-------- Dataset extract --------

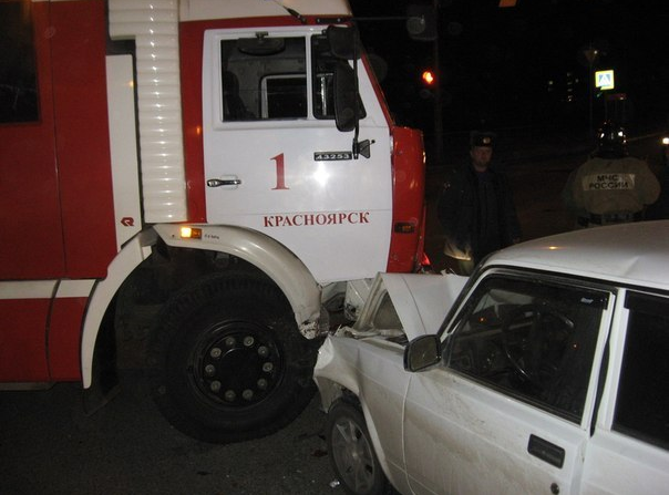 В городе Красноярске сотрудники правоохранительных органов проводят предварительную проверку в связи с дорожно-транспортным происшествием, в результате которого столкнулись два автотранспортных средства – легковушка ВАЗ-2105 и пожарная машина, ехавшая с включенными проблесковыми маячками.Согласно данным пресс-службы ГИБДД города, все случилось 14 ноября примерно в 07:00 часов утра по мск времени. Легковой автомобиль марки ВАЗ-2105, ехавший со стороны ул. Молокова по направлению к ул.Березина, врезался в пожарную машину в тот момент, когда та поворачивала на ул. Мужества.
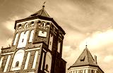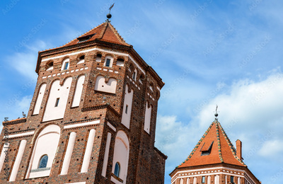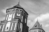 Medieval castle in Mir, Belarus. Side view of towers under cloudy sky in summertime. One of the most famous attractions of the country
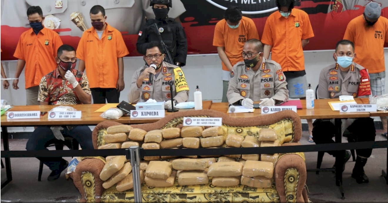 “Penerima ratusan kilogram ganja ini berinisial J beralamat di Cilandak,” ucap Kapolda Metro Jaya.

--------

The task:
Word for word, retype the lines from the one that contains "Medieval castle in" through the final line of the data, both ends included, excluding pictures.

Exercise result:
 Medieval castle in Mir, Belarus. Side view of towers under cloudy sky in summertime. One of the most famous attractions of the country
 “Penerima ratusan kilogram ganja ini berinisial J beralamat di Cilandak,” ucap Kapolda Metro Jaya.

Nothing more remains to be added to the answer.